1. Mahesh Kumar and Mohd. Abbas, applicants were convicted by the learned Tehsildar-Magistrate Second Class, Naraini, district Banda Under Section 160 read with Section 34 I.P.C. and sentenced to a fine of Rs. 50/- each. In default of payment of fine the defaulter was ordered to undergo one month's simple imprisonment. This order was passed on 10th of January 1973.

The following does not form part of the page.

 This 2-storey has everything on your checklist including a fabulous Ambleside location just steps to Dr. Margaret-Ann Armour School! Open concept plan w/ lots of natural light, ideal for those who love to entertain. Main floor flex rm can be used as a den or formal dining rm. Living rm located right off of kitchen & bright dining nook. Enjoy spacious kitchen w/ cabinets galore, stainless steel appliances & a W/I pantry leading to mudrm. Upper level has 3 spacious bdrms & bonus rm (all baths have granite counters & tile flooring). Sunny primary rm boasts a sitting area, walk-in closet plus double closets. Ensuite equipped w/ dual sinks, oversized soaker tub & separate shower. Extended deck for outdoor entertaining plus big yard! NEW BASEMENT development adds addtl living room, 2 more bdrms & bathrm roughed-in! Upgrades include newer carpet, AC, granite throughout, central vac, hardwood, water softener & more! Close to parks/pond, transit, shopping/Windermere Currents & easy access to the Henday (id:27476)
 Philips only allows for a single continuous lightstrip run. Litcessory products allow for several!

2. On the 15th of January 1973 the applicants moved an application for revision before the learned Sessions Judge. When this revision application came up for hearing on 9-3-1973 the applicants moved an application before the learned Sessions Judge praying that the application for revision might be treated as an appeal on the ground that the revision was filed in a hurry and at that time it was not noticed that the impugned order was passed by a Magistrate of the Second Class and not by a Magistrate of the First Class and because of this mistake a revision had been filed instead of an appeal. It was opposed on behalf of the State and the learned Sessions Judge rejected the application on the ground that there was no provision in the Cr.PC permitting him to do so; he possessed no inherent power to treat the revision as an appeal.

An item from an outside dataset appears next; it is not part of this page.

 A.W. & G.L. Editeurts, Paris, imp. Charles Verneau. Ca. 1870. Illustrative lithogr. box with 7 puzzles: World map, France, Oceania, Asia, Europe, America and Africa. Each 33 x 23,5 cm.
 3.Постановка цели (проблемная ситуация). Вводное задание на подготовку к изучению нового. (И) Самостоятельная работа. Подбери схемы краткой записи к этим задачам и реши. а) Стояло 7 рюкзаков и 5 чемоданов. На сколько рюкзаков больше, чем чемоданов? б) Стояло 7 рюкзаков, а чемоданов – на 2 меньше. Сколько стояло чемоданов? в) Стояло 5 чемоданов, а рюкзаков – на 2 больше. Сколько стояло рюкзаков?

3. Thereupon, the applicants filed an appeal accompanied by an application for condonation of delay Under Section 5 of the Limitation Act. The condonation of delay was sought on the ground that it was on account of a mistake of the counsel that a revision was filed and not an appeal. The learned Sessions Judge dismissed the application for condoning the delay on the ground that the mistake was due to the negligence of the counsel and it could not be said that the counsel who gave wrong advice acted in good faith which term signified that the party should have acted with due care and attention. When this application for condonation of delay was dismissed by the learned Sessions Judge, naturally he rejected the memorandum of appeal also.
4. Feeling aggrieved by these orders the applicants filed the present application for revision which is directed against both the abovementioned orders of the learned Sessions Judge.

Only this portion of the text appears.